The overall accuracy of the system in mapping the three CAP Category 1 quality measures for prostate cancer (98.7%) shows promise for the use of automated extraction methods to facilitate prostate cancer surgical outcomes assessment. The use of regular expressions proved effective for extracting both TNM stage (99.1%) and Gleason score (99.7%). Performance in extracting these two quality measures also shows the significance of physicians' use of documentation standards to support automated quality measure extraction. Performance in the extraction and classification of margin sentences was also strong (97.2%), despite the lack of standards governing its format. The results of this study show that the described technique is capable of quickly and accurately determining important outcomes-related information including the number of prostate cancer surgery patients whose surgeries resulted in a positive surgical margin, the number and percentage of each surgeon's cases that resulted in a positive surgical margin, as well as the histological and staging characteristics of the cancers of treated patients. These results also indicate the potential to use these techniques to quickly identify the degree of adherence to prostate cancer–related pathology documentation requirements, recently cited as a measure of the quality of care delivered by the IOM's Committee on Assessing Improvements in Cancer Care 34 and an important component of accreditation by American College of Surgeons Commission on Cancer. 35 Equally important, the exclusion of any manual preprocessing in this study indicates that these measures can be gathered within minutes, given access to a collection of electronically formatted pathology reports, with minimal effects of poor data quality on the results produced.

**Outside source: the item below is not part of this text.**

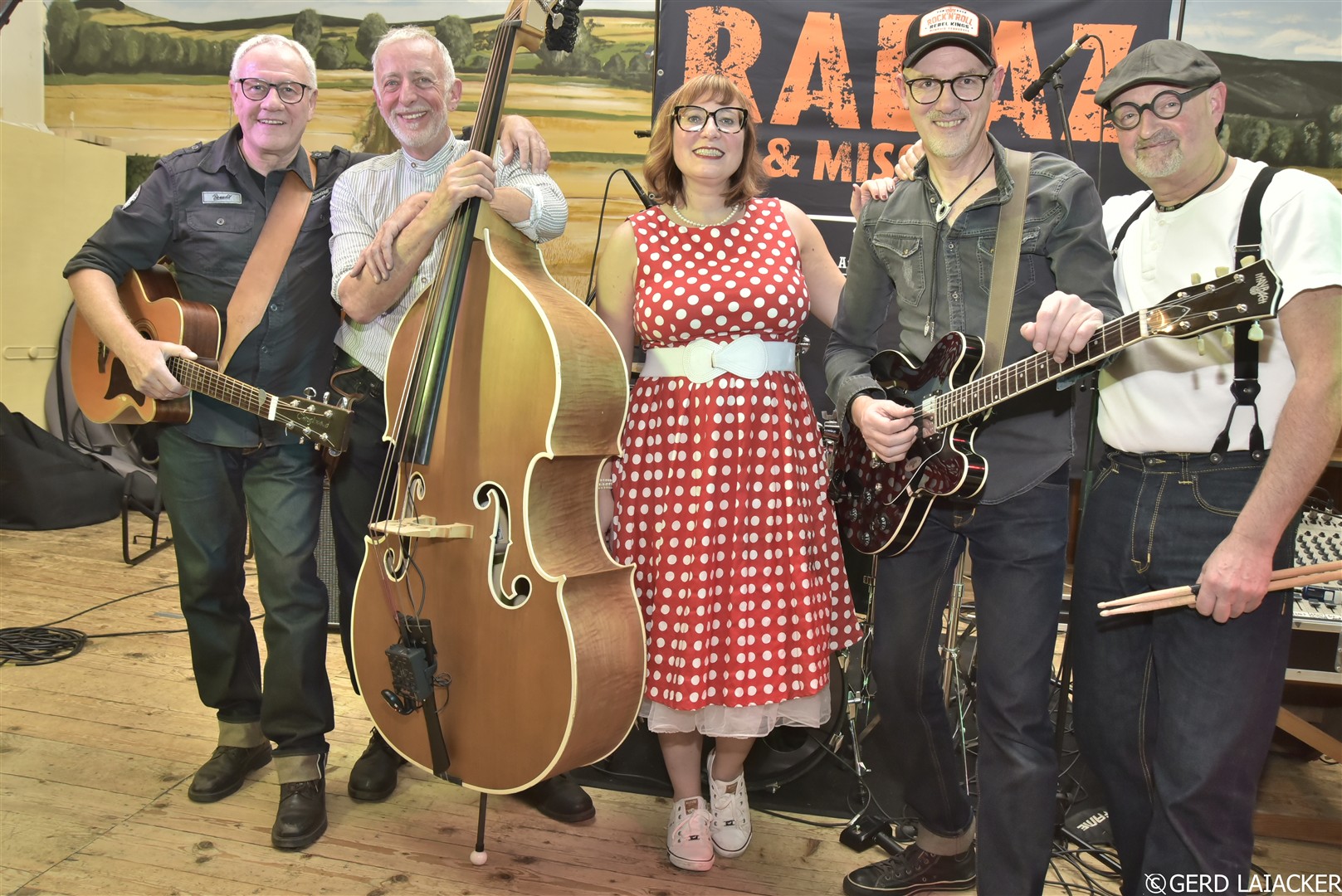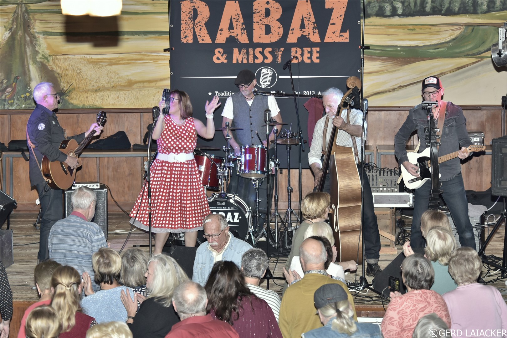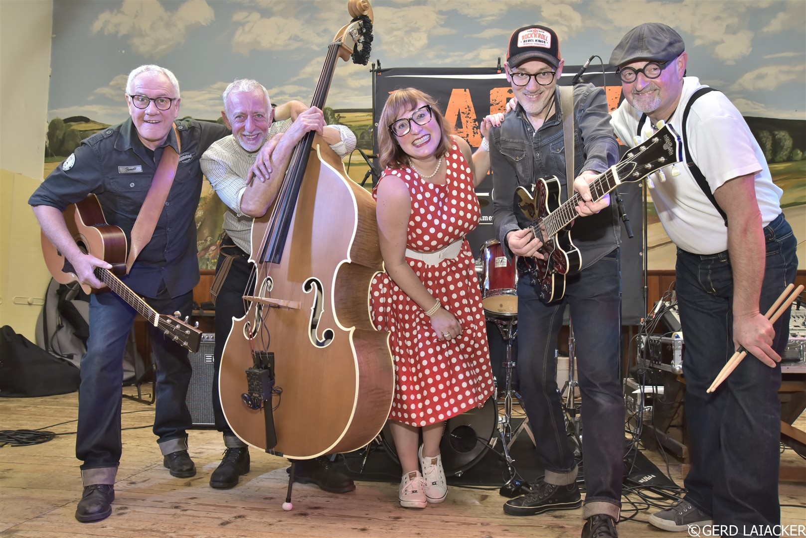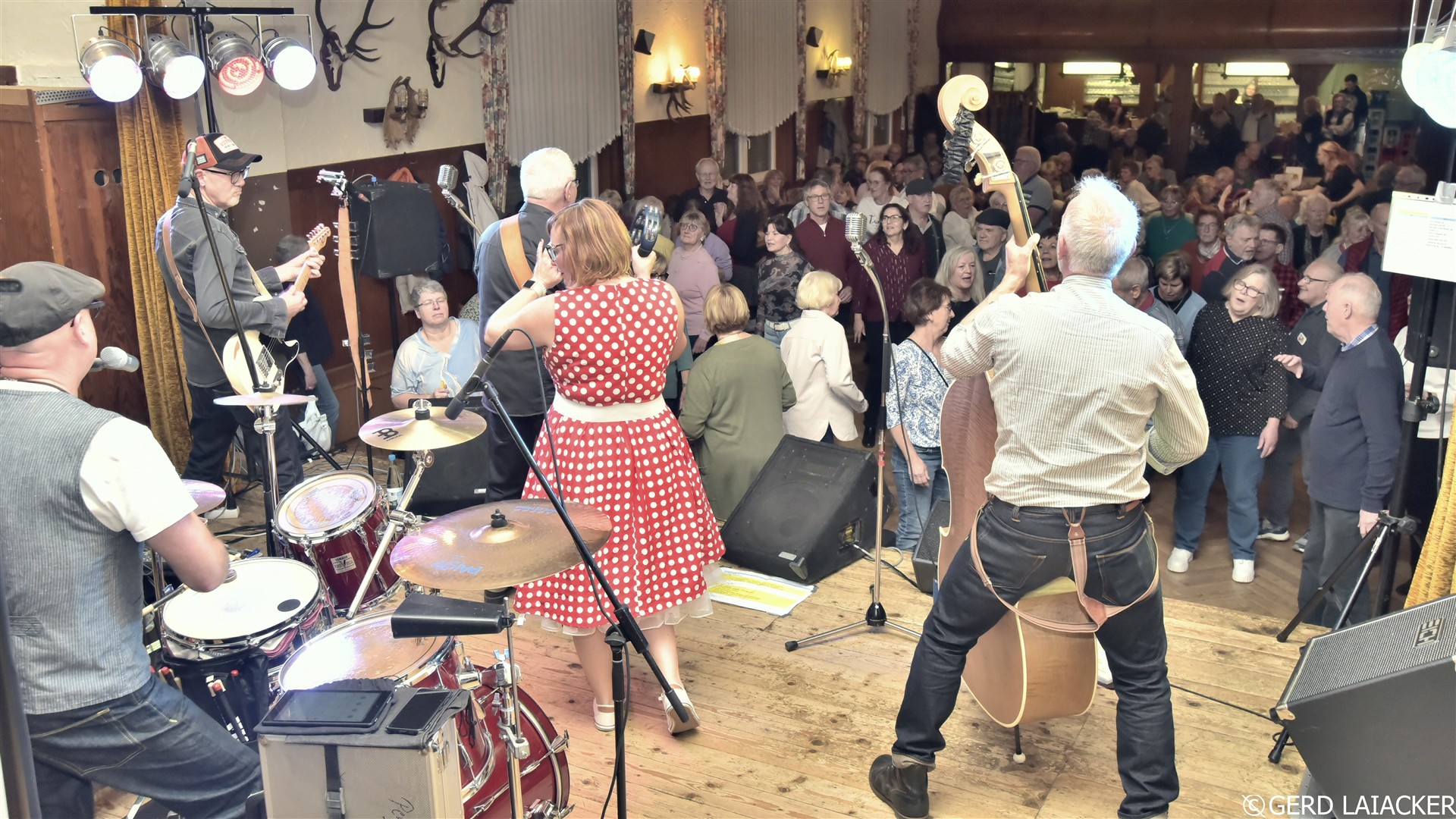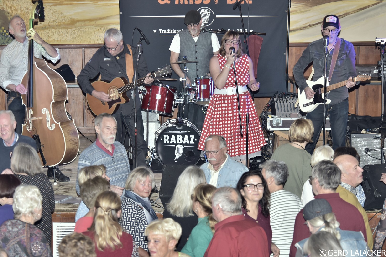 Nachdem Moni die Gäste herzlich begrüßte und einen schwungvollen Abend versprach, füllte sich die Tanzfläche schon bei den ersten Songs „Good Rocking Tonight“ von Roy Brown und „Get Rhythm“ von Johnny Cash. Die Spielfreude und Leidenschaft der Musiker waren deutlich spürbar und übertrugen sich sofort auf das Publikum, die begeistert mitsangen und mittanzten. Missy Bee überzeugte nicht nur mit ihrer Stimme, sondern auch mit ihrem stilechten Outfit im 50er-Jahre-Look, das perfekt zum Repertoire passte. Gemeinsam mit Ralf Schneider an Vocals, Harmonica, Guitar und Mandolin, Achim Karn am Kontrabass, Manfred Bürner an Vocals und Guitar sowie Joachim Kreher an Vocals, Drums und Percussion bot die Band ein harmonisches Zusammenspiel, das vom Publikum mit großem Applaus gefeiert wurde.

There were some differences in system performance in extracting quality measures between UCLA and BWH reports. It was originally hypothesized that the performance on the UCLA collection would be stronger because of the inclusion of a semistructured Microscopic Examination section. However, classification of positive surgical margins from UCLA reports had a sensitivity of 91.95% versus 97.14% for BWH. On closer inspection of the seven missed UCLA positive margins responsible for this difference, only one was the fault of failure of the algorithm to extract the sentence containing the information; in the six other cases, the sentences were successfully extracted, but falsely classified as negative. This result was likely caused by insufficient training of the SVM classifier. Of the 851 sentences used to train the model, only 130 of the sentences were positive surgical margin sentences. Although the two institutions were equally represented in the training set, UCLA was discovered to have twice as many positive margin cases in the gold standard sample. Further, two of the seven misclassifications of margin status were discovered to have originated from a pathologist who dictated a total of five of the reports in the sample. All five of this pathologist's reports were created on a template that represented margin status in a format different than the other doctors at UCLA. Rather than feature one line with the margin status result coupled with the location (e.g., “surgical margins: positive at apex”), this pathologist featured one entry for each of the margin locations (e.g., “apical margin: positive”). This variation in the descriptions of positive surgical margins in UCLA reports was not significantly represented in the training set. Updating the classifier with more examples of positive surgical margins should increase its performance. Training the classifier to recognize cases in which the pathologist makes explicit reference to not being able to determine the margin status will be a greater challenge because only three of the 676 cases in the sample featured such a reference. Prevalence of this diagnosis should be analyzed in a larger sample to determine the clinical significance and technical feasibility of automatically extracting this result.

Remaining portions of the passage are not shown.